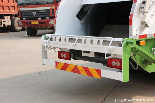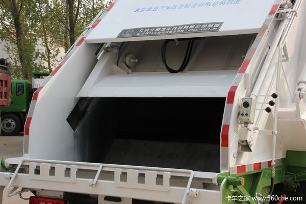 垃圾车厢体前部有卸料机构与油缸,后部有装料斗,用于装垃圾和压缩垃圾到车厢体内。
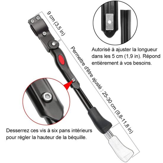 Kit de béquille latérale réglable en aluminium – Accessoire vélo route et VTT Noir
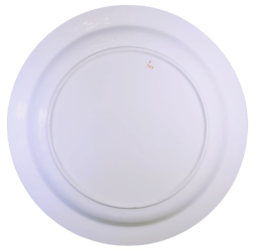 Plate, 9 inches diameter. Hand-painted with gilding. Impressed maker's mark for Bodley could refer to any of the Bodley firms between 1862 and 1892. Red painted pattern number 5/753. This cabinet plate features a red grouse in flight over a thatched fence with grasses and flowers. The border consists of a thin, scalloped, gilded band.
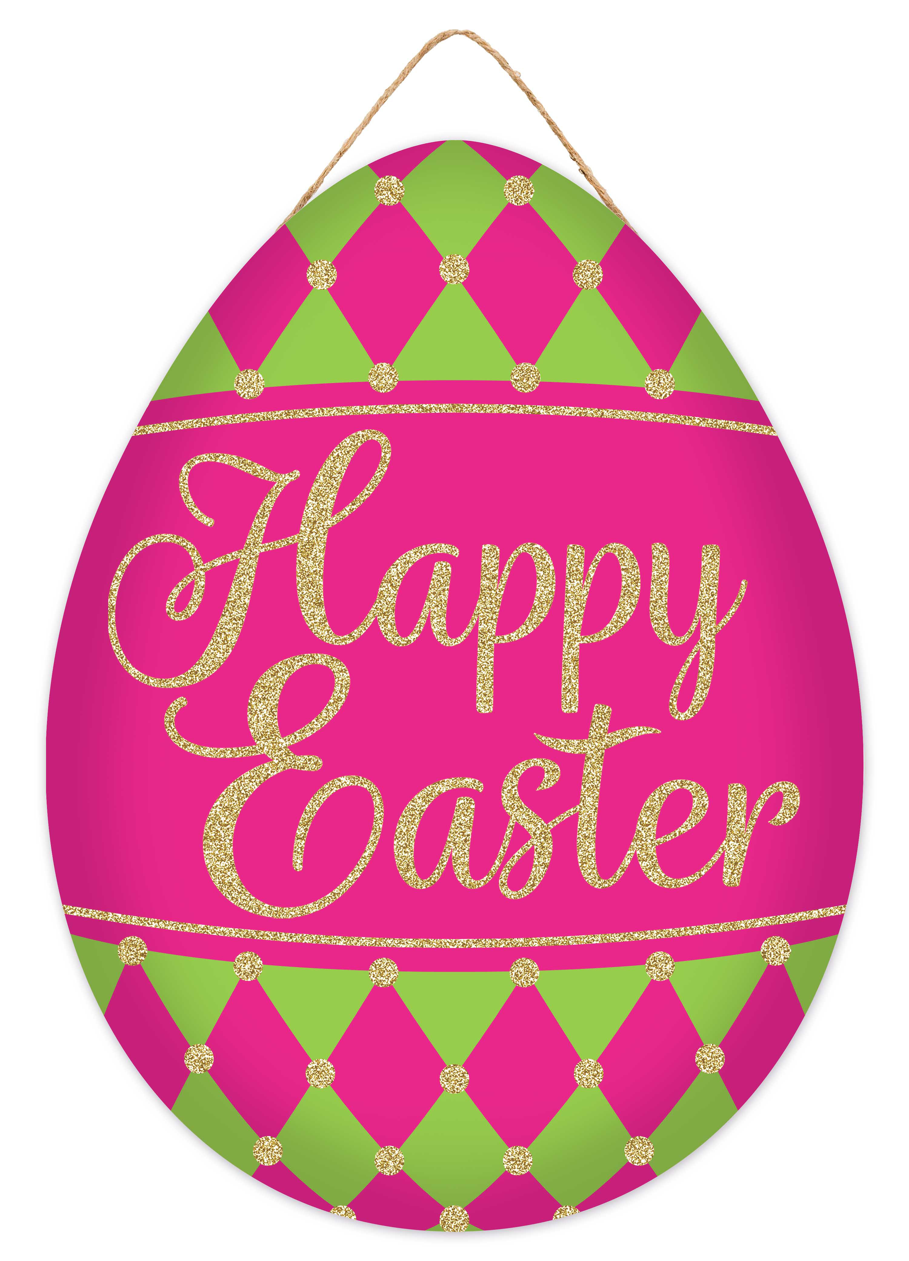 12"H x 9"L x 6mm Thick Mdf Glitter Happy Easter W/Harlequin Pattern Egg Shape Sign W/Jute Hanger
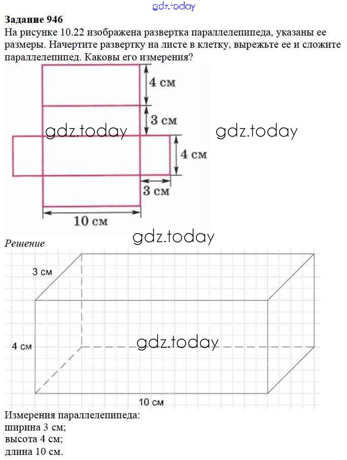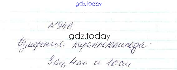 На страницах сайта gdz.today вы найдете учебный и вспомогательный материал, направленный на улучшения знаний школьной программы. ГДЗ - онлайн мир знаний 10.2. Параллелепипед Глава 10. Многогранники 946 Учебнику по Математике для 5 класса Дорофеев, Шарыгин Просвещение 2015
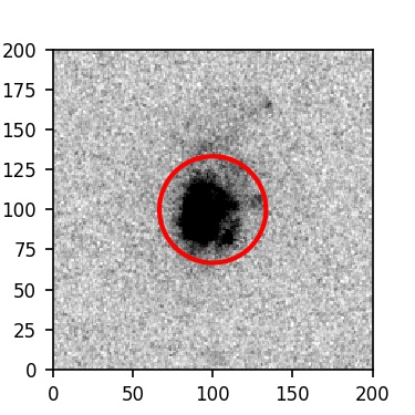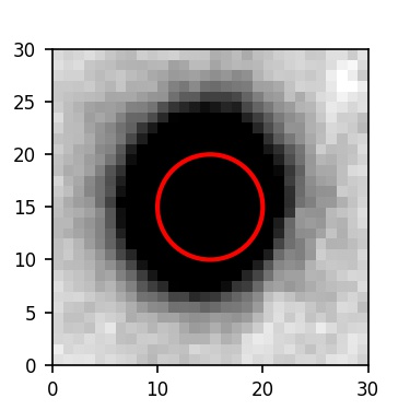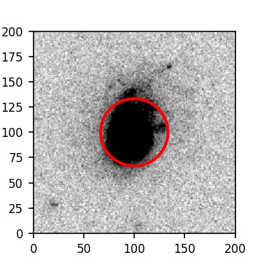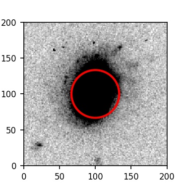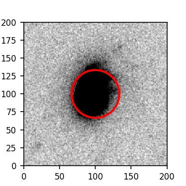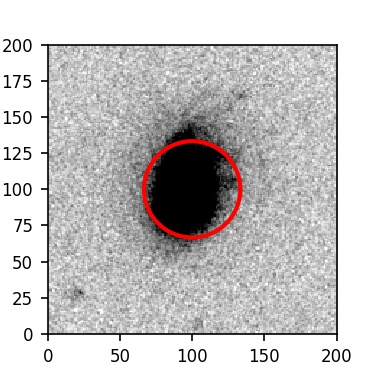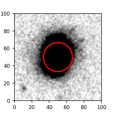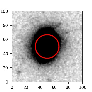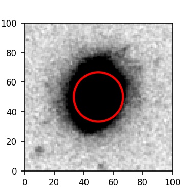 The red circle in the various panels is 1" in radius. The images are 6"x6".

Work request: When you retype the listing above, keep each line exactly as written and drop the pictures.

Response below:
 垃圾车厢体前部有卸料机构与油缸,后部有装料斗,用于装垃圾和压缩垃圾到车厢体内。
 Kit de béquille latérale réglable en aluminium – Accessoire vélo route et VTT Noir
 Plate, 9 inches diameter. Hand-painted with gilding. Impressed maker's mark for Bodley could refer to any of the Bodley firms between 1862 and 1892. Red painted pattern number 5/753. This cabinet plate features a red grouse in flight over a thatched fence with grasses and flowers. The border consists of a thin, scalloped, gilded band.
 12"H x 9"L x 6mm Thick Mdf Glitter Happy Easter W/Harlequin Pattern Egg Shape Sign W/Jute Hanger
 На страницах сайта gdz.today вы найдете учебный и вспомогательный материал, направленный на улучшения знаний школьной программы. ГДЗ - онлайн мир знаний 10.2. Параллелепипед Глава 10. Многогранники 946 Учебнику по Математике для 5 класса Дорофеев, Шарыгин Просвещение 2015
 The red circle in the various panels is 1" in radius. The images are 6"x6".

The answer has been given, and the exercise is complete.